Below are some records. Return exactly the lines from the one with "Цифровий Амперметр АМ-1М" to the one with "1. In case of", and nothing else.

==== Records for the task ====

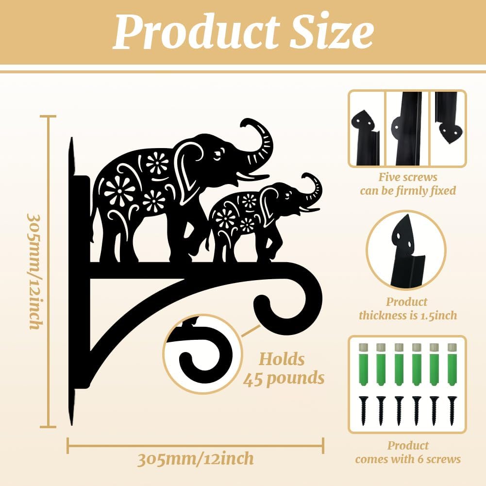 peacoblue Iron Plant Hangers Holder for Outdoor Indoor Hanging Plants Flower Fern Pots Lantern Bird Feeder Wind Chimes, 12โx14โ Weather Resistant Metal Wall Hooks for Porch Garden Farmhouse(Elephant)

====
==== Records for the task ====

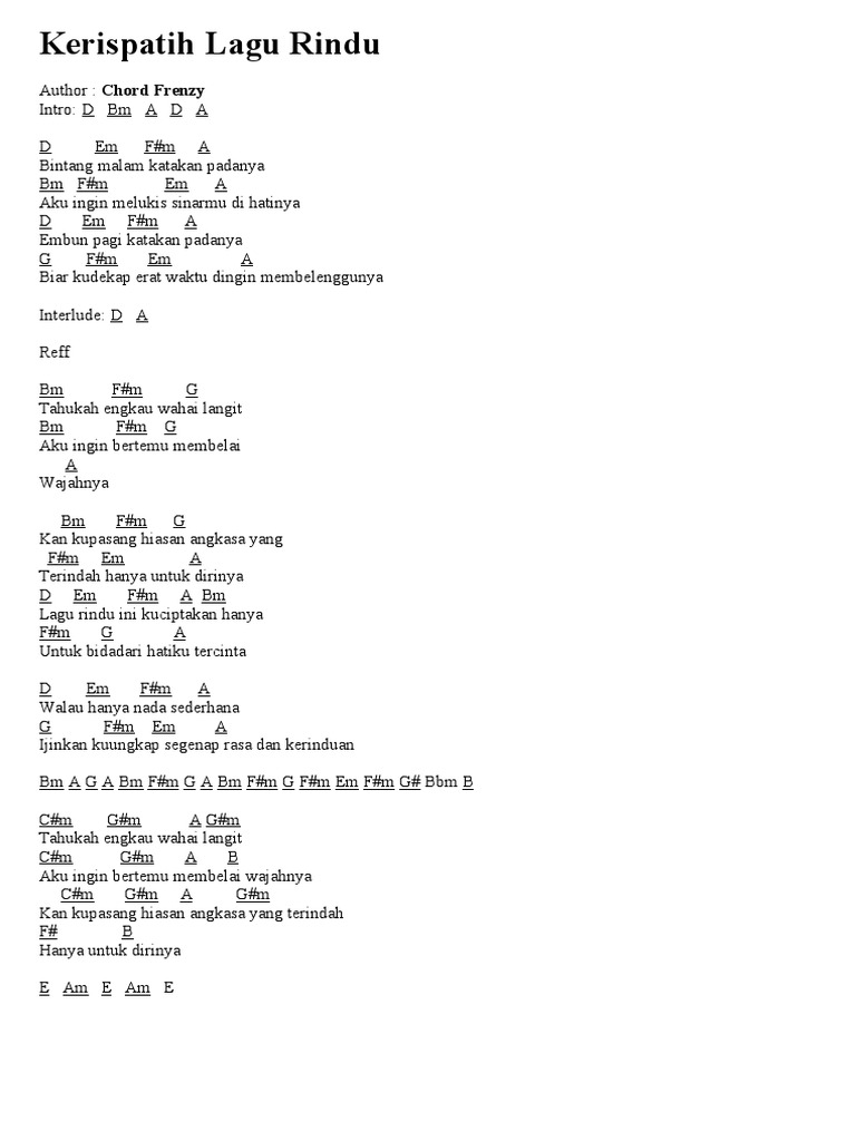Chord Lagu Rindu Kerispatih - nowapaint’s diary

====
==== Records for the task ====

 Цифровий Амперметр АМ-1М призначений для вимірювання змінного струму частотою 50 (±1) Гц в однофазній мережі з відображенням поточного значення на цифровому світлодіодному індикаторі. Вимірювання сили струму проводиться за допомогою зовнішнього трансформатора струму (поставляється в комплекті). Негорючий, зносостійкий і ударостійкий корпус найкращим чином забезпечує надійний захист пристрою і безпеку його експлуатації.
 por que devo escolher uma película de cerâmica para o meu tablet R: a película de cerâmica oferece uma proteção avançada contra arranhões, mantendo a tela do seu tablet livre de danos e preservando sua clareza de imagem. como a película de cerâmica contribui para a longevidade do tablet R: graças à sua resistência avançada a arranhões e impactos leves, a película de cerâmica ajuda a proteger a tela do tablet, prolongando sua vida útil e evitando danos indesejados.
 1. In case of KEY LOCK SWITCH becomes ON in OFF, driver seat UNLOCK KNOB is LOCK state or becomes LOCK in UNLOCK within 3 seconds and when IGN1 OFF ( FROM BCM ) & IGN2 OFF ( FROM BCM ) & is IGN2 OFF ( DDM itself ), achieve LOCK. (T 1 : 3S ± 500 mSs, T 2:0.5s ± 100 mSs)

====

## Solution for this task
 Цифровий Амперметр АМ-1М призначений для вимірювання змінного струму частотою 50 (±1) Гц в однофазній мережі з відображенням поточного значення на цифровому світлодіодному індикаторі. Вимірювання сили струму проводиться за допомогою зовнішнього трансформатора струму (поставляється в комплекті). Негорючий, зносостійкий і ударостійкий корпус найкращим чином забезпечує надійний захист пристрою і безпеку його експлуатації.
 por que devo escolher uma película de cerâmica para o meu tablet R: a película de cerâmica oferece uma proteção avançada contra arranhões, mantendo a tela do seu tablet livre de danos e preservando sua clareza de imagem. como a película de cerâmica contribui para a longevidade do tablet R: graças à sua resistência avançada a arranhões e impactos leves, a película de cerâmica ajuda a proteger a tela do tablet, prolongando sua vida útil e evitando danos indesejados.
 1. In case of KEY LOCK SWITCH becomes ON in OFF, driver seat UNLOCK KNOB is LOCK state or becomes LOCK in UNLOCK within 3 seconds and when IGN1 OFF ( FROM BCM ) & IGN2 OFF ( FROM BCM ) & is IGN2 OFF ( DDM itself ), achieve LOCK. (T 1 : 3S ± 500 mSs, T 2:0.5s ± 100 mSs)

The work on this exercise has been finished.